Member of the Arkansas Senate from the 29th district
- In office January 10, 2011 – November 15, 2017
- Preceded by: Bobby Glover
- Succeeded by: Ricky Hill

Majority Leader of the Arkansas Senate
- In office 2013–2015
- Succeeded by: Jim Hendren

Mayor of Cabot, Arkansas
- In office January 1, 2007 – January 1, 2011
- Preceded by: Mickey Stumbaugh
- Succeeded by: Bill Cypert

Personal details
- Born: June 26, 1954 (age 72) Sheridan, Arkansas, U.S.
- Party: Republican
- Spouse: DeLona Ruby
- Children: 4

Military service
- Allegiance: United States
- Branch/service: United States Army
- Years of service: 1972

= Eddie Joe Williams =

American politician (born 1954)

Eddie Joe Williams (born June 26, 1954) is an American politician who served as a member of the Arkansas Senate for the 29th district from 2011 to 2017. During his tenure in the Senate, Williams served as majority leader.

==Early life==
Williams was born in Sheridan, Arkansas.

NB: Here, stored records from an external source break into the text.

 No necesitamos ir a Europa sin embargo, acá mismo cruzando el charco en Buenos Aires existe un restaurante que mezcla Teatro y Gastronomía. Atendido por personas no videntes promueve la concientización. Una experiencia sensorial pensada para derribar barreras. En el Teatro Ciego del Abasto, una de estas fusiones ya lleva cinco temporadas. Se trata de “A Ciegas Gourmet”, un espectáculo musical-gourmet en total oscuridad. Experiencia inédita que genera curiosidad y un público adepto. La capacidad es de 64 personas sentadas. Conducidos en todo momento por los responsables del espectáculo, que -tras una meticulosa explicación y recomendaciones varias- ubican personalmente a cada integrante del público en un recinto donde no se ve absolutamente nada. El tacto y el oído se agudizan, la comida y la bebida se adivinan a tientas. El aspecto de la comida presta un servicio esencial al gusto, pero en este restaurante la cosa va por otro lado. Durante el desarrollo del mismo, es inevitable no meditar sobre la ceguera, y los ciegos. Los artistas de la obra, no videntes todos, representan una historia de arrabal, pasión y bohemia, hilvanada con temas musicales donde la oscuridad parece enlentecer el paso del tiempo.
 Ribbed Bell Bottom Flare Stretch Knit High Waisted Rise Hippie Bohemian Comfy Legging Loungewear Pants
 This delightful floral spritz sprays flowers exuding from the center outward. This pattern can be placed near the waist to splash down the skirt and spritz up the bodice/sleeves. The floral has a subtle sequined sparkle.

He graduated from Sheridan High School in 1972.

==Career==
Williams served in the United States Army and worked for the Union Pacific Railroad for thirty years. He served on the Cabot Planning Commission and the Cabot City Council before he was elected three times as mayor. He faced a $500,000 deficit when he became mayor of Cabot, Arkansas.

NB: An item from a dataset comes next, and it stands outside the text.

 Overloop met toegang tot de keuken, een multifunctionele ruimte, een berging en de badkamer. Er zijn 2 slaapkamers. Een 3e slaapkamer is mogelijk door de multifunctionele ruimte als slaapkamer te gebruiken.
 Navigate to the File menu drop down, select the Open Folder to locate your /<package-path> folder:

Williams is a member of the American Legislative Exchange Council (ALEC), a conservative non-partisan, non-profit legislative association. He and Arkansas State Auditor Andrea Lea, served at one time as the state co-chairs of the organization.
On October 26, 2017, President Donald Trump appointed Williams as his federal representative to the Southern States Energy Board. Since leaving the Senate, Williams has served as senior legislative liaison to Governor Asa Hutchinson.

In September 2021, Williams declared his candidacy for secretary of state of Arkansas in the 2022 election. In an interview following his candidacy, Williams claimed that he wasn't sure if Biden won the 2020 presidential election, and gave credence to false allegations of voter fraud by claiming that full investigations into voter fraud in swing states might have tilted the election for Biden.

==Personal life==
Williams and his wife, DeLona, have four daughters and seven grandchildren.